SUArt's series of events features guest speakers and print sellers Susan Teller Gallery, Dolan Maxwell, The Annex Galleries, The Old Print Shop and Thomas French Fine Art. 

SYMPOSIUM DISCUSSIONS at Shemin Auditorium at Shaffer Art Building:
Friday, September 23, 10:00 a.m. to 1:00 p.m.
Saturday, September 24, 10:00 a.m. to 1:00 p.m. 
Presenters include:  Domenic Iacono (Director, SUArt Galleries), Joann Moser (Smithsonian Museum), Christina Weyl (Freelance Curator), Andrew Raffery (RISD Professor)

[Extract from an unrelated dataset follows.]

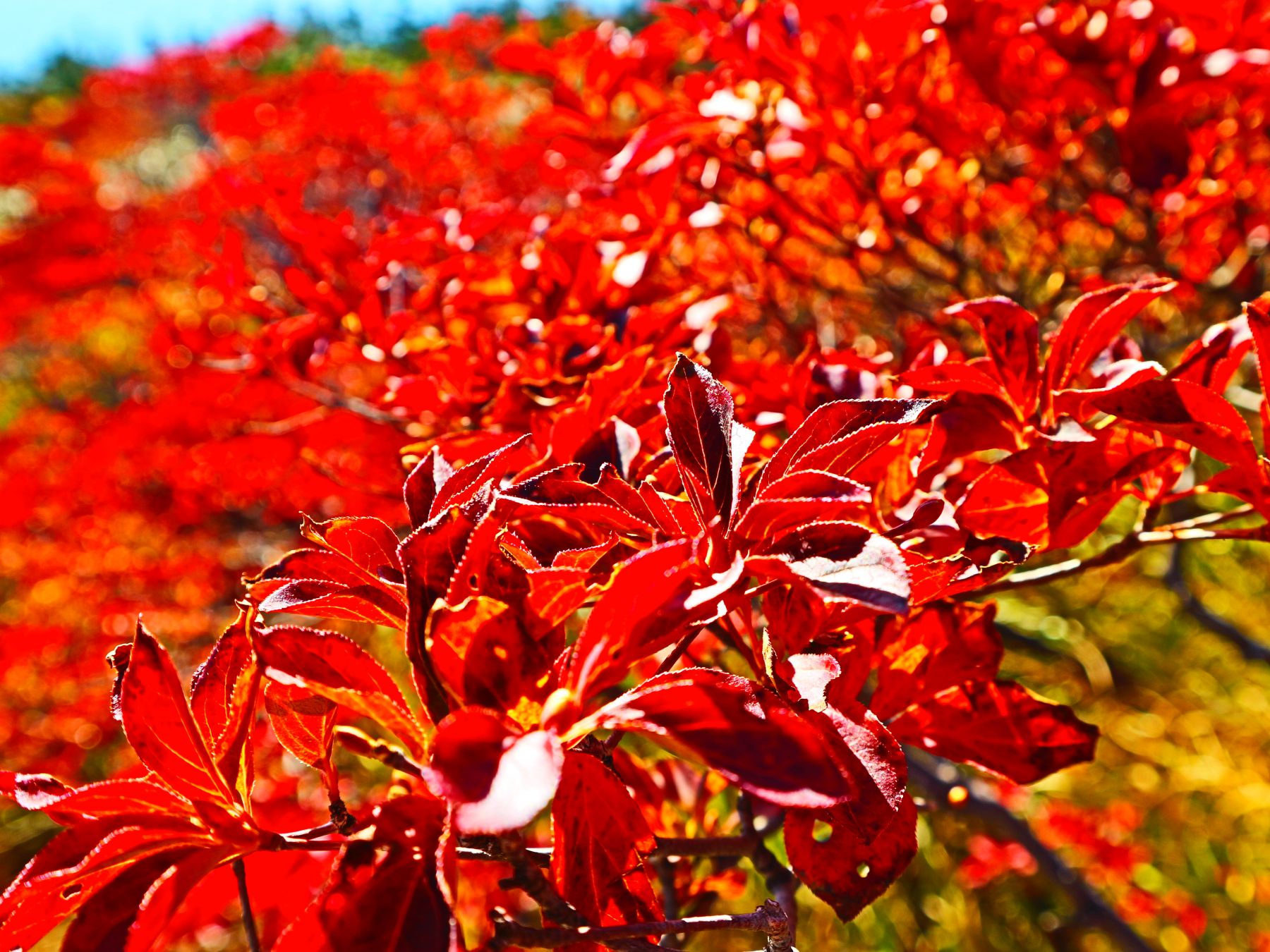 真っ赤に紅葉したドウダンツツジの風景が目の前に広がりました。
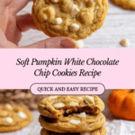 Keywords: pumpkin cookies, white chocolate chip cookies, fall desserts, autumn baking, soft cookies, pumpkin puree cookies

PRINT FAIR HOURS at Shaffer Art Building Galleria:
Friday, September 23, Noon to 6:00 p.m.
Saturday, September 24, Noon to 6:00 p.m.
Sunday, September 25, Noon to 4:00 p.m. 
Presenters include: Susan Teller Gallery (NYC), Annex Galleries (San Jose, CA), Old Print Shop (NYC), Dolan Maxwell (Phila, PA), Thomas French Gallery (Akron,OH)


ONGOING (through May 2017)...

On display in SUArt Galleries' Print and Photo Galleries are two exhibitions that explore the 2016-17 Syracuse Symposium theme of "Place." Wanderlust: Travel Photography from the Syracuse University Art Collection investigates how artists from the late 19th century until today have been captivated by the potential of landscape images and its ability to transport our imagination whether the locale be exotic or not. Curated by exhibition and collection manager Emily Dittman, this display brings together historic albumen prints, travel albums, and contemporary black and white and color images from a variety of photographers working in the photographic medium over the past 120 years.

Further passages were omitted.